Segment Start: DATA FOR THE TASK

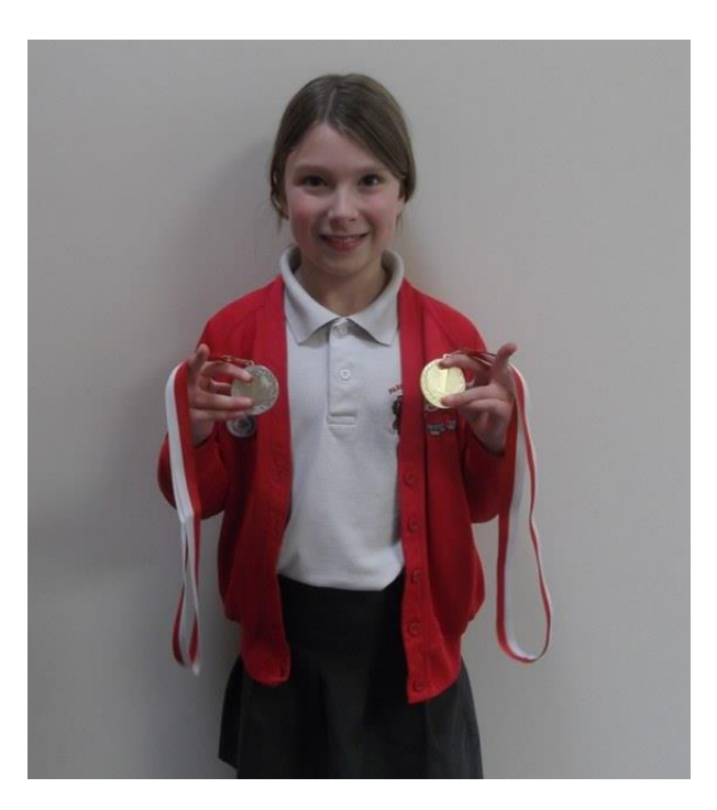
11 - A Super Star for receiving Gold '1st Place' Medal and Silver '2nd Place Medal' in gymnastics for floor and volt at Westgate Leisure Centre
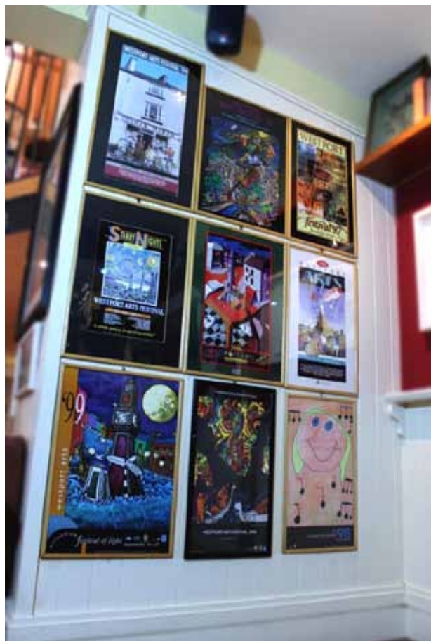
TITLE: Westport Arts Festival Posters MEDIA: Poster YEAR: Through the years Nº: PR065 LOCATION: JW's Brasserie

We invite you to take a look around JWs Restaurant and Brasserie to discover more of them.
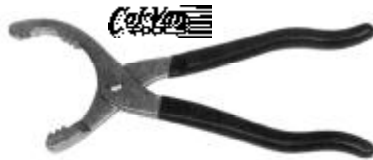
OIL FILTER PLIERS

Segment End: DATA FOR THE TASK
Segment Start: DATA FOR THE TASK

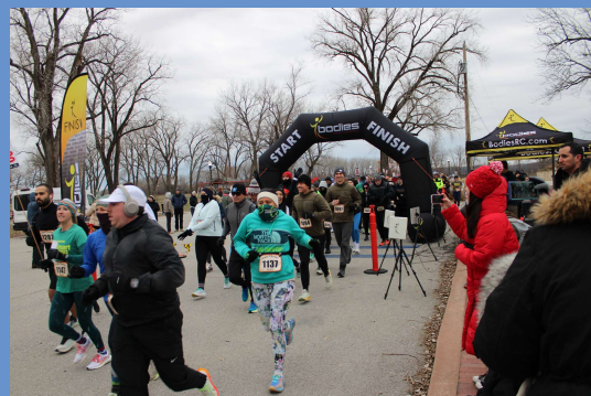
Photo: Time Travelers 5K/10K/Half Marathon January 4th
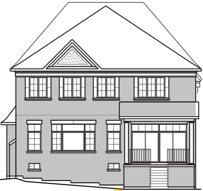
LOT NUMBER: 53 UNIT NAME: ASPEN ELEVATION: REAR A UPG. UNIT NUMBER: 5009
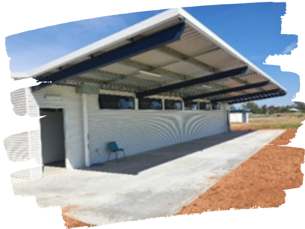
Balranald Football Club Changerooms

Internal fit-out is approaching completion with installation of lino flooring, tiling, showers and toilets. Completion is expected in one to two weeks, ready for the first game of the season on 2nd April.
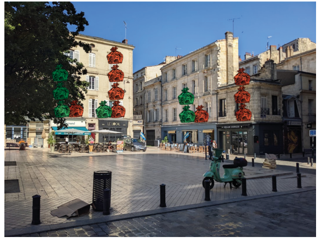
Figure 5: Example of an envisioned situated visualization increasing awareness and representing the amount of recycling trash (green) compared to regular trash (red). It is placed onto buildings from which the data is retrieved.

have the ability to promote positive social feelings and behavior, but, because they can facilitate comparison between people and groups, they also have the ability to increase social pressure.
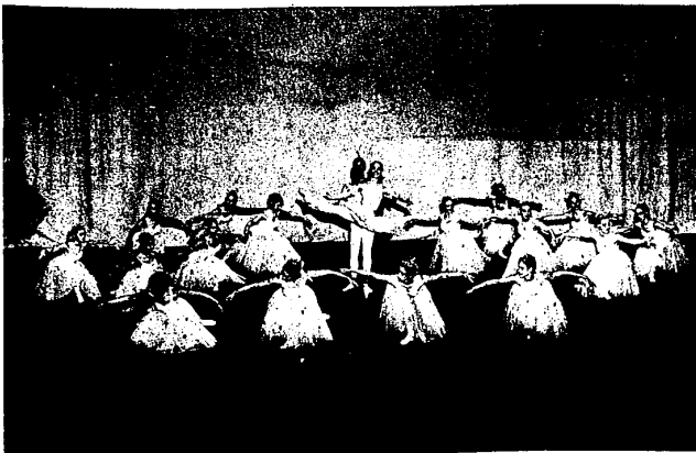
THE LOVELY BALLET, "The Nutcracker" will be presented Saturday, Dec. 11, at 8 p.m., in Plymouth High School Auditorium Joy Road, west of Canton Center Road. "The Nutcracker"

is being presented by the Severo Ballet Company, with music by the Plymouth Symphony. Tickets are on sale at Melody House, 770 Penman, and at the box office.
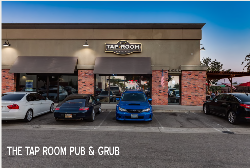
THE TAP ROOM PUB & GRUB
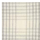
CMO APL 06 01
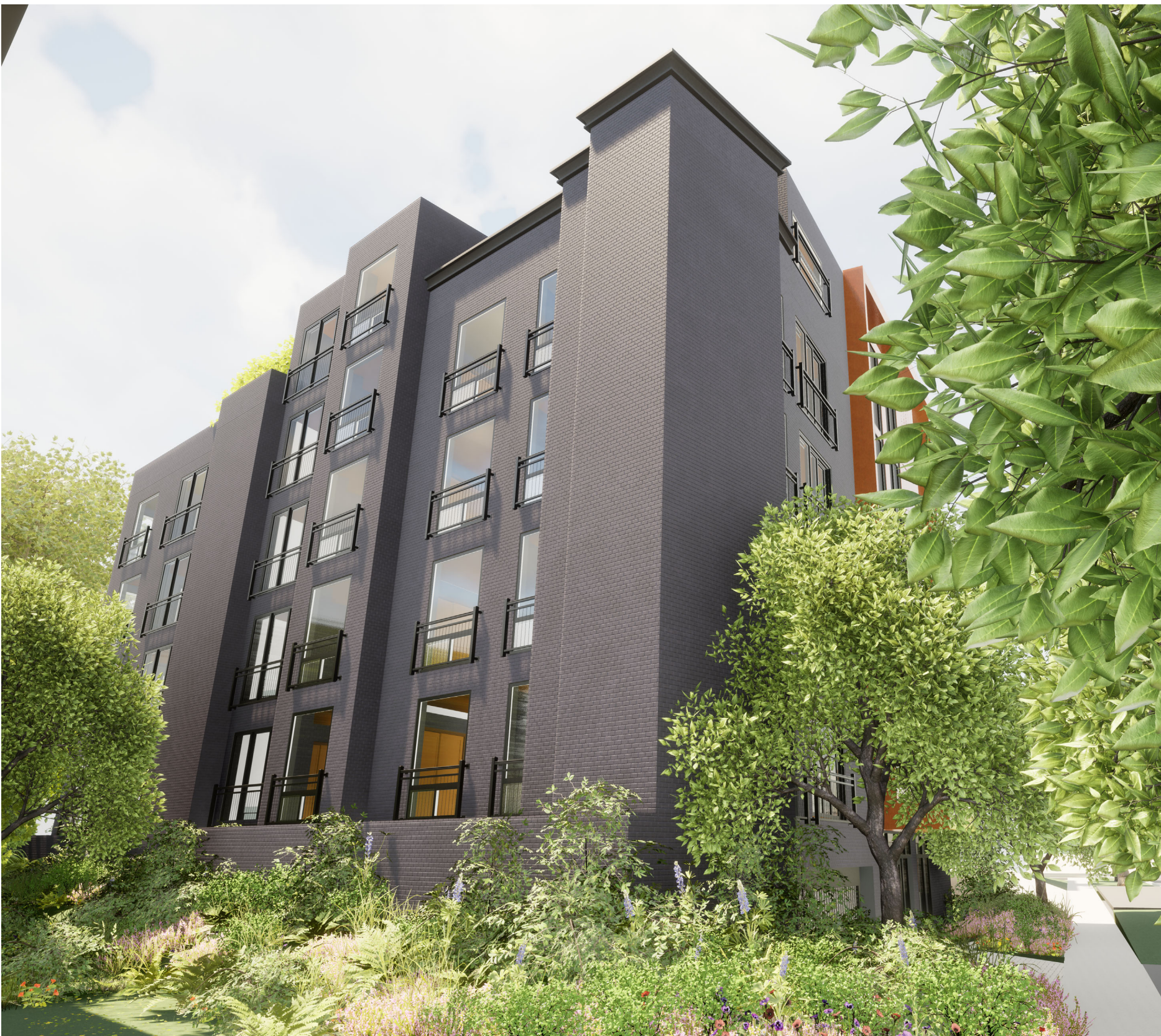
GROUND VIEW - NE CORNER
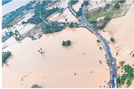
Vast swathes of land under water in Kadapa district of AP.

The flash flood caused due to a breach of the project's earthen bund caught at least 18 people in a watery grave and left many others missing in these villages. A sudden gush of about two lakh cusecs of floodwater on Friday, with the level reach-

Segment End: DATA FOR THE TASK
Segment Start: DATA FOR THE TASK

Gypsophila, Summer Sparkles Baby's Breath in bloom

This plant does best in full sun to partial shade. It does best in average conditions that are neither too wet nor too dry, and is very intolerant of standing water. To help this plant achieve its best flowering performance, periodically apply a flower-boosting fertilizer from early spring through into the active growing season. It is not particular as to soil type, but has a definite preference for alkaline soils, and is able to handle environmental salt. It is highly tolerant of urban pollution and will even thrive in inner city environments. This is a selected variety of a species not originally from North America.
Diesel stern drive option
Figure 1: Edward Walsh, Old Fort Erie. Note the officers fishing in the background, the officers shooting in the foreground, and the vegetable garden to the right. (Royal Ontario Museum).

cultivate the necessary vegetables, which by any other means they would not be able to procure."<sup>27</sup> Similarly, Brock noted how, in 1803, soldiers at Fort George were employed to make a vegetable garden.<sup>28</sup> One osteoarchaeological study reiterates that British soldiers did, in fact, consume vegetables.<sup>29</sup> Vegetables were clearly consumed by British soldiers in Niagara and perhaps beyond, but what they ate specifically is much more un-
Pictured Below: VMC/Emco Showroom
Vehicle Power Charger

Segment End: DATA FOR THE TASK

● **WHAT THIS TASK INVOLVES**
Sift through the entries and copy every line with "more".

● **RESPONSE BOX**
We invite you to take a look around JWs Restaurant and Brasserie to discover more of them.
cultivate the necessary vegetables, which by any other means they would not be able to procure."<sup>27</sup> Similarly, Brock noted how, in 1803, soldiers at Fort George were employed to make a vegetable garden.<sup>28</sup> One osteoarchaeological study reiterates that British soldiers did, in fact, consume vegetables.<sup>29</sup> Vegetables were clearly consumed by British soldiers in Niagara and perhaps beyond, but what they ate specifically is much more un-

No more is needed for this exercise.